** Opening INFORMATION SHOWN block **

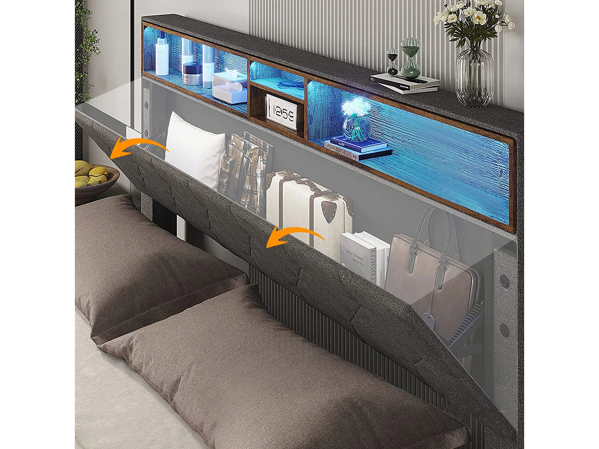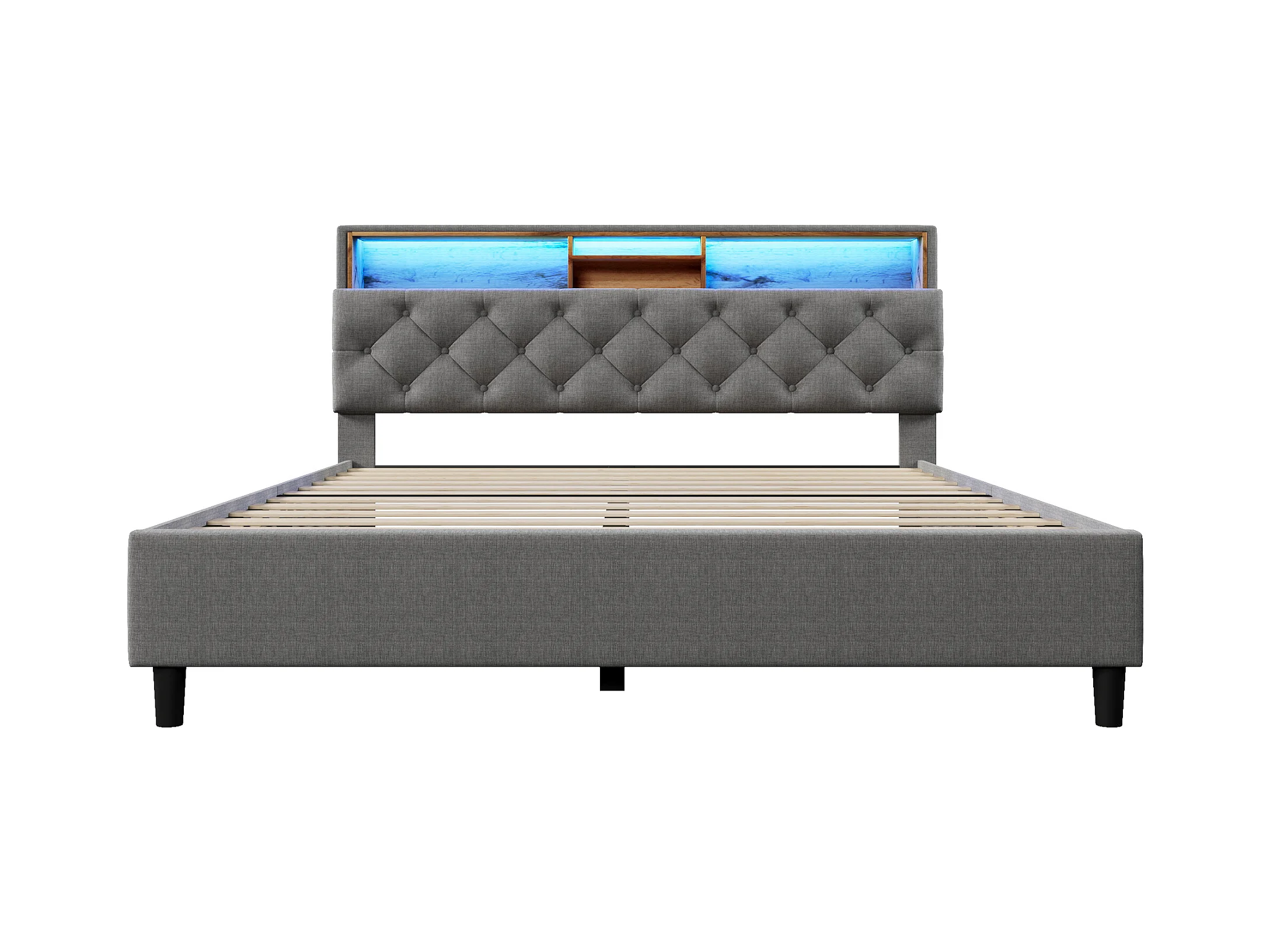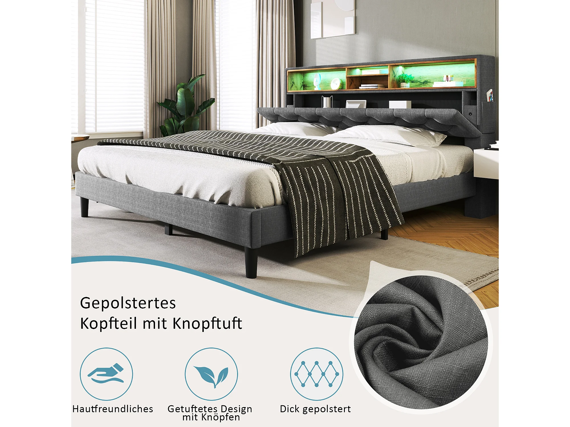 Lit double avec tête de lit de rangement, LED et ports USB, cadre en bois, gris (140x200 cm) (dimensions : 214x149x107 cm)
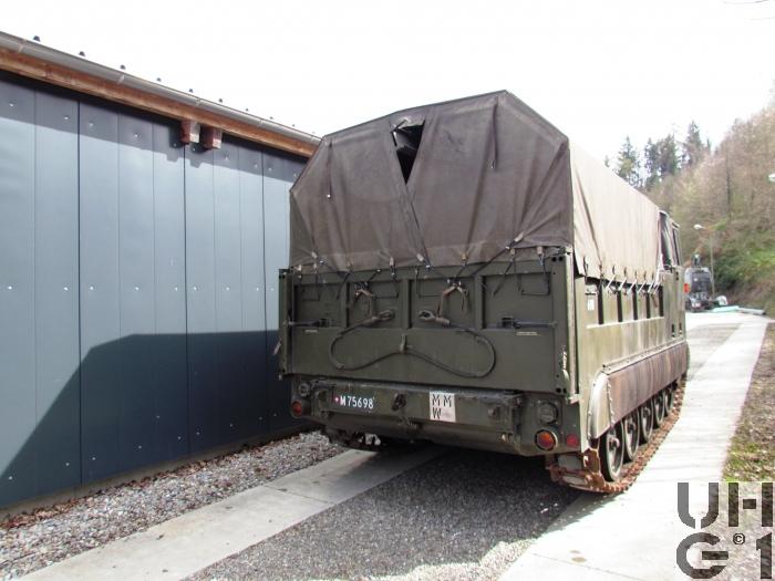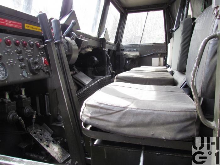 | Bemerkungen | Ladebrücke Für den Umschlag der Artilleriemunition sind alle Fahrzeuge mit einem elektrischen Flaschenzug versehen. 400 kg Max. Hublast Inhalt der Ladebrücke 10 Paletten à 8 Granaten 15,5 cm 20 Gebinde à 4 Ladungen Fahrerraumheizung Hersteller Stewart - Warner Typ 10560 - C 24 Betriebsspannung 20 bis 28,5 Volt Gleichstrom Heizleistung Vollast 15'000 kcal/h Heizleistung Teillast 7'500 kcal/h Gewicht 15 kg Brennstoff Diesel Seilwinde Einbauort Vorne Hersteller Gar Wood Typ DAV 615-19207 9'000 kg Max Zugkraft 90 m Seillänge 55 m Seillänge nutzbar 15,87 mm Seildurchmesser |
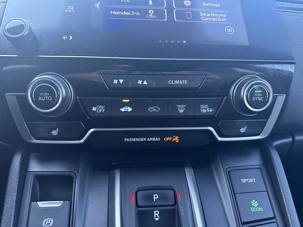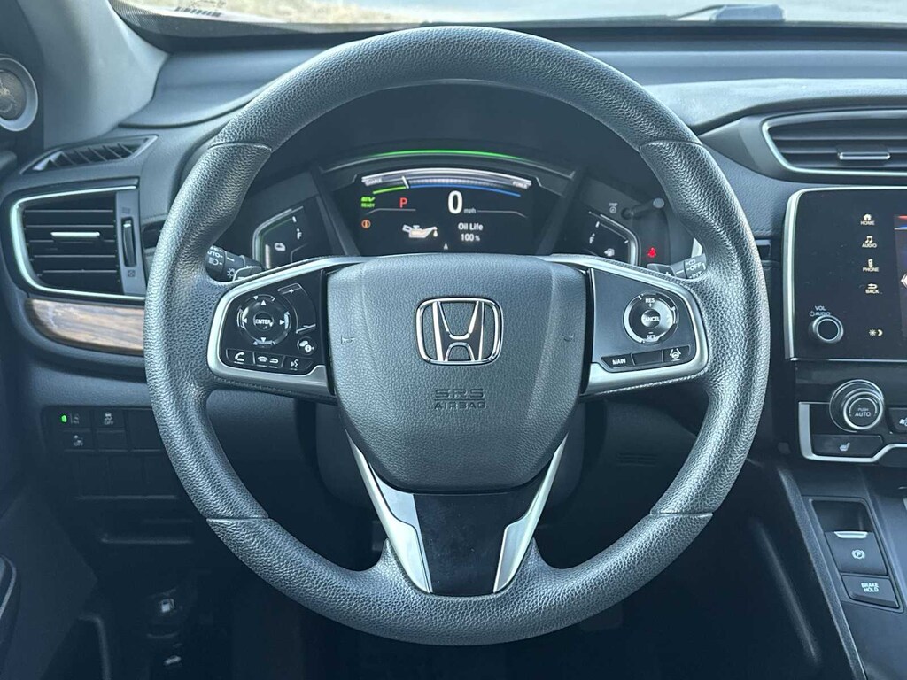 CR-V Hybrid EX is nicely equipped with CR-V Hybrid EX, HondaTrue Certified Certified, 4D Sport Utility, 2.0L I4 DOHC 16V, eCVT, AWD, Red, Gray Cloth, 18 Alloy Wheels, 3.89 Axle Ratio, 4-Wheel Disc Brakes, 8 Speakers, ABS brakes, Adaptive Cruise Control: Adaptive Cruise Control (ACC) with Low-Speed Follow, Air Conditioning, Alloy wheels, AM/FM radio: SiriusXM, Apple CarPlay/Android Auto, Auto High-beam Headlights, Automatic temperature control, Blind Spot Information (BSI) System warning, Brake assist, Bumpers: body-color, Cloth Seat Trim, Compass, Delay-off headlights, Driver door bin, Driver vanity mirror, Dual front impact airbags, Dual front side impact airbags, Electronic Stability Control, Exterior Parking Camera Rear, Forward collision: Collision Mitigation Braking System (CMBS) + FCW mitigation, Four wheel independent suspension, Front anti-roll bar, Front Bucket Seats, Front Center Armrest, Front dual zone A/C, Front fog lights, Front reading lights, Heated door mirrors, Heated Front Bucket Seats, Heated front seats, Illuminated entry, Low tire pressure warning, Memory seat, Occupant sensing airbag, Outside temperature display, Overhead airbag, Overhead console, Panic alarm, Passenger door bin, Passenger vanity mirror, Power door mirrors, Power driver seat, Power moonroof, Power steering, Power windows, Radio data system, Radio: 180-Watt AM/FM/HD/SiriusXM Audio System, Rear anti-roll bar, Rear seat center armrest, Rear window defroster, Rear window wiper, Remote keyless entry, Security system, Speed control, Speed-sensing steering, Speed-Sensitive Wipers, Split folding rear seat, Spoiler, Steering wheel mounted audio controls, Telescoping steering wheel, Tilt steering wheel, Traction control, Trip computer, Turn signal indicator mirrors, and Variably intermittent wipers.

** Closing INFORMATION SHOWN block **

= WORK TO COMPLETE =
Every line in the data above needs to be given again exactly, pictures aside.

= ANSWER SECTION =
 Lit double avec tête de lit de rangement, LED et ports USB, cadre en bois, gris (140x200 cm) (dimensions : 214x149x107 cm)
 | Bemerkungen | Ladebrücke Für den Umschlag der Artilleriemunition sind alle Fahrzeuge mit einem elektrischen Flaschenzug versehen. 400 kg Max. Hublast Inhalt der Ladebrücke 10 Paletten à 8 Granaten 15,5 cm 20 Gebinde à 4 Ladungen Fahrerraumheizung Hersteller Stewart - Warner Typ 10560 - C 24 Betriebsspannung 20 bis 28,5 Volt Gleichstrom Heizleistung Vollast 15'000 kcal/h Heizleistung Teillast 7'500 kcal/h Gewicht 15 kg Brennstoff Diesel Seilwinde Einbauort Vorne Hersteller Gar Wood Typ DAV 615-19207 9'000 kg Max Zugkraft 90 m Seillänge 55 m Seillänge nutzbar 15,87 mm Seildurchmesser |
 CR-V Hybrid EX is nicely equipped with CR-V Hybrid EX, HondaTrue Certified Certified, 4D Sport Utility, 2.0L I4 DOHC 16V, eCVT, AWD, Red, Gray Cloth, 18 Alloy Wheels, 3.89 Axle Ratio, 4-Wheel Disc Brakes, 8 Speakers, ABS brakes, Adaptive Cruise Control: Adaptive Cruise Control (ACC) with Low-Speed Follow, Air Conditioning, Alloy wheels, AM/FM radio: SiriusXM, Apple CarPlay/Android Auto, Auto High-beam Headlights, Automatic temperature control, Blind Spot Information (BSI) System warning, Brake assist, Bumpers: body-color, Cloth Seat Trim, Compass, Delay-off headlights, Driver door bin, Driver vanity mirror, Dual front impact airbags, Dual front side impact airbags, Electronic Stability Control, Exterior Parking Camera Rear, Forward collision: Collision Mitigation Braking System (CMBS) + FCW mitigation, Four wheel independent suspension, Front anti-roll bar, Front Bucket Seats, Front Center Armrest, Front dual zone A/C, Front fog lights, Front reading lights, Heated door mirrors, Heated Front Bucket Seats, Heated front seats, Illuminated entry, Low tire pressure warning, Memory seat, Occupant sensing airbag, Outside temperature display, Overhead airbag, Overhead console, Panic alarm, Passenger door bin, Passenger vanity mirror, Power door mirrors, Power driver seat, Power moonroof, Power steering, Power windows, Radio data system, Radio: 180-Watt AM/FM/HD/SiriusXM Audio System, Rear anti-roll bar, Rear seat center armrest, Rear window defroster, Rear window wiper, Remote keyless entry, Security system, Speed control, Speed-sensing steering, Speed-Sensitive Wipers, Split folding rear seat, Spoiler, Steering wheel mounted audio controls, Telescoping steering wheel, Tilt steering wheel, Traction control, Trip computer, Turn signal indicator mirrors, and Variably intermittent wipers.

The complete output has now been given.